Are we now in danger of losing Milton Friedman’s legacy to the mindless adoption of a socialistic imperative? 

"When Friedman’s Platonic ideas of free-market virtues are put into practice, they have too often generated a systemic orgy of competitive greed — whose remedies, ironically, entail countermeasures of nationalization,” Marshall Sahlins.Milton Friedman

What do our readers think — has the devastating unraveling of our financial system during this past year changed any of your beliefs?   Ilene

Friedman Would Be Roiled as Chicago Disciples Rue Repudiation

By John Lippert, in Bloomberg

John Cochrane was steaming as word of U.S. Treasury Secretary Henry Paulson’s plan to buy $700 billion in troubled mortgage assets rippled across the University of Chicago in September. Cochrane had been teaching at the bastion of free-market economics for 14 years and this struck at everything that he — and the school — stood for.

“We all wandered the hallway thinking, How could this possibly make sense?” says Cochrane, 51, recalling his incredulity at Paulson’s attempt to prop up the mortgage industry and the banks that had precipitated the housing market’s boom and bust.

During a lunch held on a balcony with a view of Rockefeller Memorial Chapel, Cochrane, son-in-law of Chicago efficient-market theorist Eugene Fama, and some colleagues made their stand.

They wrote a petition attacking Paulson’s proposal, sent it to economists nationwide and collected 230 signatures. Republican Senator Richard Shelby of Alabama waved the document as he scorned the rescue. When Congress rejected it on Sept. 29, Cochrane fired off congratulatory e-mails.

The victory was short-lived. Lawmakers approved the plan four days later, swayed by what Cochrane calls a pinata of pork-barrel amendments.

“We should have a recession,” Cochrane said in November, speaking to students and investors in a conference room that looks out on Lake Michigan. “People who spend their lives pounding nails in Nevada need something else to do.”

Unusual Role

At the University of Chicago, once ascendant free-market acolytes are finding themselves in an unusual role: They’re battling a wave of government intervention more sweeping than any since the Great Depression as the U.S. struggles with the worst recession in seven decades.

By the end of November, the government had committed $8.5 trillion, or more than half the value of everything produced in the country in 2007, to save the financial system.

The European Union had ponied up more than $3 trillion to guarantee bank loans and provide capital to lenders. And China had unveiled a $586 billion stimulus plan and its biggest interest-rate cut in 11 years.

The intrusion is anathema to the so-called Chicago School of economics and its patriarch, the late Milton Friedman.

Nobel Dominance

For half a century, Chicago’s hands-off principles have permeated financial thinking and shaped global markets, earning the university 10 Nobel Memorial Prizes in Economic Sciences starting in 1969, more than double the four each won by Columbia University, Harvard University, Princeton University and the University of California, Berkeley.
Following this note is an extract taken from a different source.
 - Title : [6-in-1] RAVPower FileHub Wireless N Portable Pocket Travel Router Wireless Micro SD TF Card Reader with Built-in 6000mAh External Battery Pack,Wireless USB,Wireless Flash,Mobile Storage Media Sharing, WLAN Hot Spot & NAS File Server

Chicago’s laissez-faire imprint underpins everything from U.S. President Ronald Reagan’s 1981 tax cuts and the fall of communism that decade to quantitative investment strategies.

In 1972, Friedman helped persuade U.S. Treasury Secretary George Shultz, former dean of Chicago’s business school, to approve the first financial futures contracts in foreign currencies.
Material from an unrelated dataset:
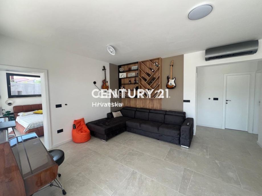 Kuća je potpuno opremljena i namještena, građena vrhunskim materijalima, termo fasada debljine 12 cm, vrhunska keramika i sanitarije, aluminijska stolarija sa automatskim roletama i komarnicima.

Such derivatives grew more complex after Chicago economists created the mathematical formulas to price them, helping spawn a $683 trillion market that’s proved to be a root of today’s financial system breakdown…

Free Market

Friedman, who died in 2006 at age 94, defined the Chicago School in 1974 as he spoke to a board of trustees dinner.

“‘Chicago’ stands for a belief in the efficacy of the free market as a means of organizing resources, for skepticism about government intervention into economic affairs,” he said.

Friedman was explaining a movement that had taken hold in the U.S. and was percolating in Europe and South America.

“By the mid-1970s, there was a whole generation in government and academia who’d trained at Chicago or places influenced by it,” says Ross Emmett, a Michigan State University professor who’s written three books on the school.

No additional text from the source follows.